_DATA SECTION_
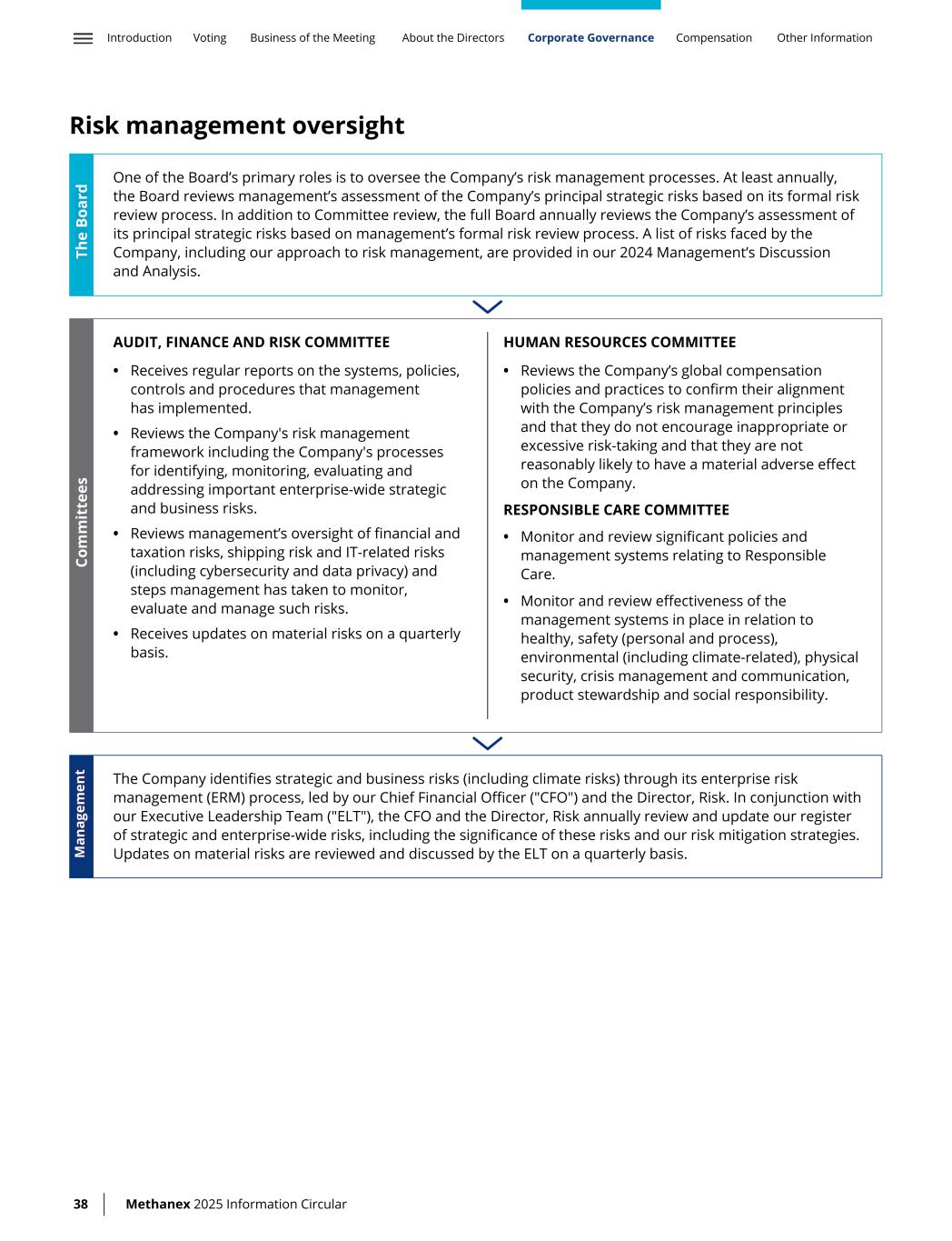 Risk management oversight One of the Board’s primary roles is to oversee the Company’s risk management processes. At least annually, the Board reviews management’s assessment of the Company’s principal strategic risks based on its formal risk review process. In addition to Committee review, the full Board annually reviews the Company’s assessment of its principal strategic risks based on management’s formal risk review process. A list of risks faced by the Company, including our approach to risk management, are provided in our 2024 Management’s Discussion and Analysis. AUDIT, FINANCE AND RISK COMMITTEE • Receives regular reports on the systems, policies, controls and procedures that management has implemented. • Reviews the Company's risk management framework including the Company's processes for identifying, monitoring, evaluating and addressing important enterprise-wide strategic and business risks. • Reviews management’s oversight of financial and taxation risks, shipping risk and IT-related risks (including cybersecurity and data privacy) and steps management has taken to monitor, evaluate and manage such risks. • Receives updates on material risks on a quarterly basis. HUMAN RESOURCES COMMITTEE • Reviews the Company’s global compensation policies and practices to confirm their alignment with the Company’s risk management principles and that they do not encourage inappropriate or excessive risk-taking and that they are not reasonably likely to have a material adverse effect on the Company. RESPONSIBLE CARE COMMITTEE • Monitor and review significant policies and management systems relating to Responsible Care. • Monitor and review effectiveness of the management systems in place in relation to healthy, safety (personal and process), environmental (including climate-related), physical security, crisis management and communication, product stewardship and social responsibility. The Company identifies strategic and business risks (including climate risks) through its enterprise risk management (ERM) process, led by our Chief Financial Officer ("CFO") and the Director, Risk. In conjunction with our Executive Leadership Team ("ELT"), the CFO and the Director, Risk annually review and update our register of strategic and enterprise-wide risks, including the significance of these risks and our risk mitigation strategies. Updates on material risks are reviewed and discussed by the ELT on a quarterly basis. Introduction Voting Business of the Meeting About the Directors Corporate Governance Compensation Other Information 38 Methanex 2025 Information Circular
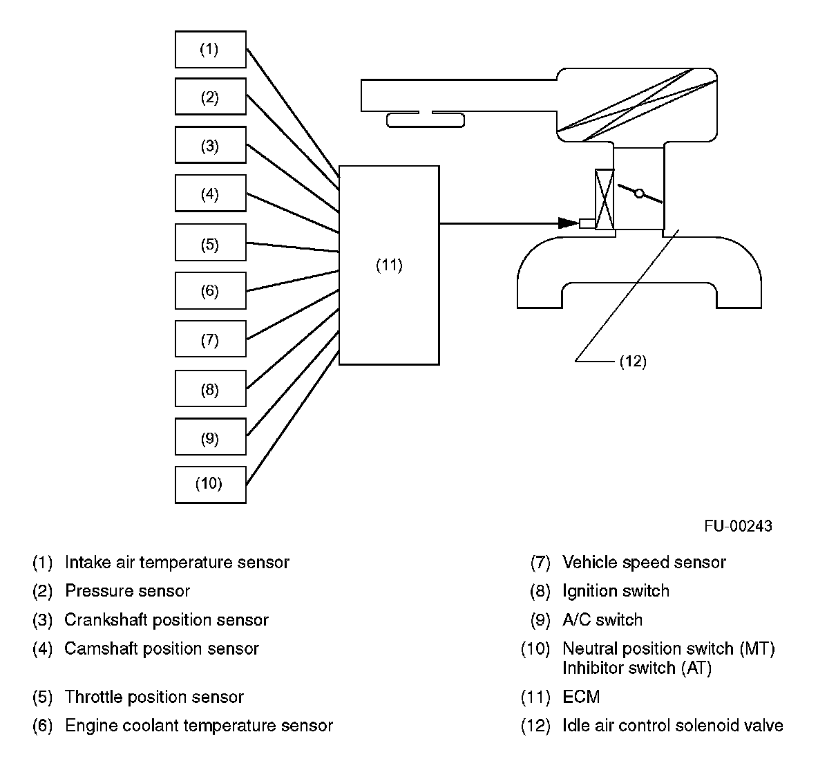 - The ECM activates the idle air control solenoid valve to control the bypass air flowing through the bypass passage in the throttle body depending on signals from the crankshaft position sensor, engine coolant temperature sensor, pressure sensor and A/C switch so that the proper idle speed for each engine load is achieved.
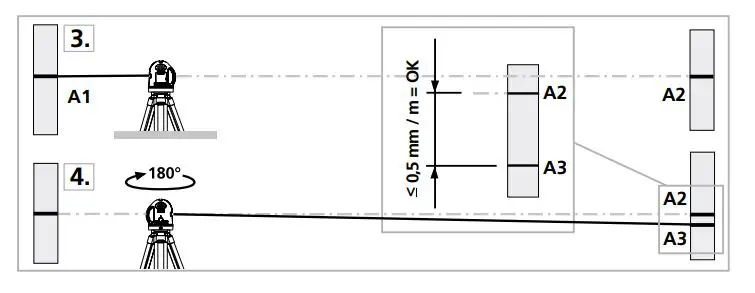 When A2 and A3 are more than 0.5 mm / m apart, an adjustment is necessary. Contact your authorised dealer or else the UMAREX- ! LASERLINER Service Department.

_YOUR INSTRUCTIONS_
Drop every image, please, and write out the data above exactly as shown.

_YOUR SOLUTION_
 Risk management oversight One of the Board’s primary roles is to oversee the Company’s risk management processes. At least annually, the Board reviews management’s assessment of the Company’s principal strategic risks based on its formal risk review process. In addition to Committee review, the full Board annually reviews the Company’s assessment of its principal strategic risks based on management’s formal risk review process. A list of risks faced by the Company, including our approach to risk management, are provided in our 2024 Management’s Discussion and Analysis. AUDIT, FINANCE AND RISK COMMITTEE • Receives regular reports on the systems, policies, controls and procedures that management has implemented. • Reviews the Company's risk management framework including the Company's processes for identifying, monitoring, evaluating and addressing important enterprise-wide strategic and business risks. • Reviews management’s oversight of financial and taxation risks, shipping risk and IT-related risks (including cybersecurity and data privacy) and steps management has taken to monitor, evaluate and manage such risks. • Receives updates on material risks on a quarterly basis. HUMAN RESOURCES COMMITTEE • Reviews the Company’s global compensation policies and practices to confirm their alignment with the Company’s risk management principles and that they do not encourage inappropriate or excessive risk-taking and that they are not reasonably likely to have a material adverse effect on the Company. RESPONSIBLE CARE COMMITTEE • Monitor and review significant policies and management systems relating to Responsible Care. • Monitor and review effectiveness of the management systems in place in relation to healthy, safety (personal and process), environmental (including climate-related), physical security, crisis management and communication, product stewardship and social responsibility. The Company identifies strategic and business risks (including climate risks) through its enterprise risk management (ERM) process, led by our Chief Financial Officer ("CFO") and the Director, Risk. In conjunction with our Executive Leadership Team ("ELT"), the CFO and the Director, Risk annually review and update our register of strategic and enterprise-wide risks, including the significance of these risks and our risk mitigation strategies. Updates on material risks are reviewed and discussed by the ELT on a quarterly basis. Introduction Voting Business of the Meeting About the Directors Corporate Governance Compensation Other Information 38 Methanex 2025 Information Circular
 - The ECM activates the idle air control solenoid valve to control the bypass air flowing through the bypass passage in the throttle body depending on signals from the crankshaft position sensor, engine coolant temperature sensor, pressure sensor and A/C switch so that the proper idle speed for each engine load is achieved.
 When A2 and A3 are more than 0.5 mm / m apart, an adjustment is necessary. Contact your authorised dealer or else the UMAREX- ! LASERLINER Service Department.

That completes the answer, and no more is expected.